# Playoffs or Bust?



## halfbreed (Jan 7, 2003)

Simple question: Will the Kings make the playoffs this year?


----------



## KingByDefault (Dec 6, 2005)

I don't have a clue. If everything works out, yes. If not, no.

For the sake of discussion I'll say: YES


----------



## CreeksideBaller (Jun 19, 2005)

With Ron Artest I think we actually have a chance. I voted yes.


----------



## maKINGSofgreatness (Aug 17, 2003)

I am not sure enough to vote either way. Realistically, this team still must make changes to get back to where they would like to be, but we fell off during a season when there are really only 2 or 3 teams that have consistently played well in the Western Conference.
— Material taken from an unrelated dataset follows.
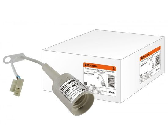 Качественный патрон подвесной SQ0335-0023 фирмы TDM - подходящий вариант для контакта и фиксации ламп с цоколем E27. Корпус сделан из высококачественного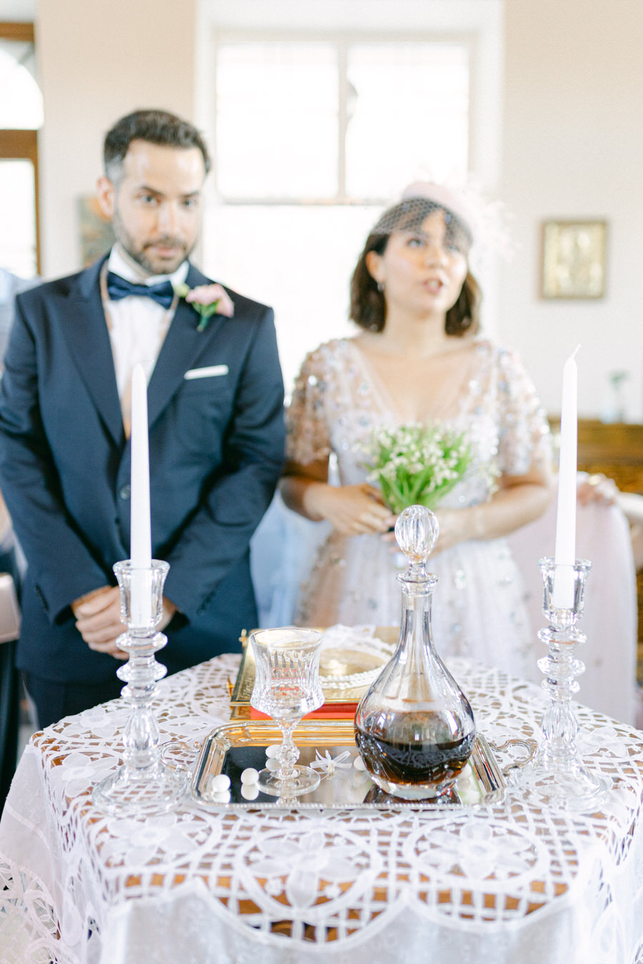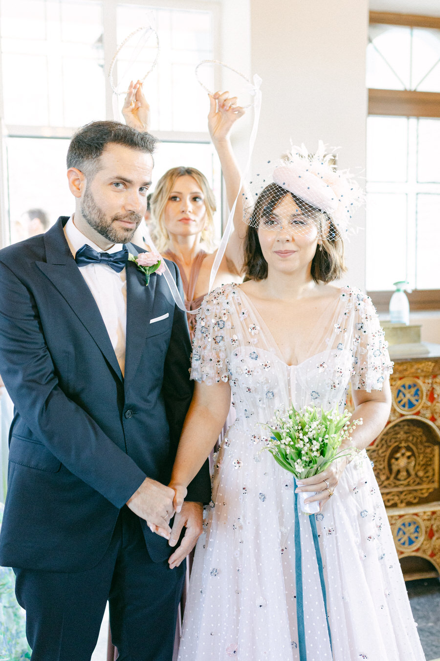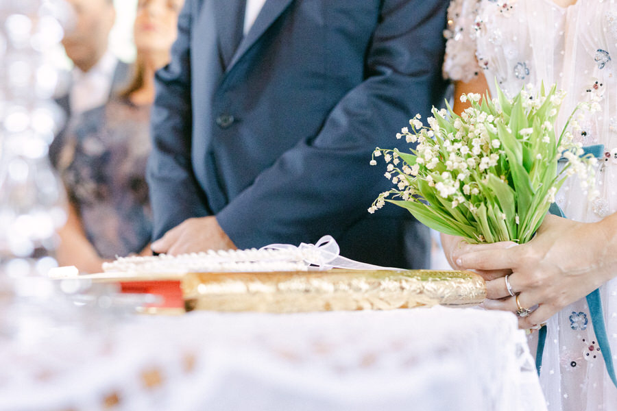 Η τελετή στην Αγία Παρασκευή Βόντελα, στη Μύρινα, ήταν μαγική. Η αγάπη στον αέρα ήταν αισθητή καθώς το ζευγάρι στεκόταν μπροστά στους πιο στενούς φίλους και την οικογένειά του. Η Θάλεια έλαμπε μέσα στο μεγαλοπρεπές δαντελένιο φλοράλ νυφικό της, με το χαμόγελό της να αντανακλά τη χαρά της στιγμής. Στεκόμενος ψηλά και περήφανος, ο Γιάννης δεν μπορούσε να πάρει τα μάτια του από τη νύφη του.

So the door is still open.


----------



## AnDrOiDKing4 (Feb 6, 2005)

Im saying yes... we will come out hot after the All Star Break and secure a spot...


----------



## WarriorFan64 (Jul 4, 2005)

the Warriors are more close than you guys. We will have that after all star break or before, unless we move up, you guys might have a shot.


----------



## speedythief (Jul 16, 2003)

Ronny just guaranteed that you will in the post game in Toronto. So there you go.


----------



## maKINGSofgreatness (Aug 17, 2003)

Well, I'm glad Ron is confident, and once he is adjusted and Bonzi and Shareef are back 100% I guess we could get hot, but realistically, we need a new backup point guard and another big man capable of operation the offense before we can think of competing again. This game made that last one all the more obvious.


----------



## alexander (May 6, 2005)

Bust, of course


----------



## maKINGSofgreatness (Aug 17, 2003)

^care to elaborate?


----------



## alexander (May 6, 2005)

Bibby+Wells+Artest+Thomas+Miller= not enough


----------



## maKINGSofgreatness (Aug 17, 2003)

^Care to elaborate convincingly? 

No, seriously, you may be right, but your rational isn't very good.


----------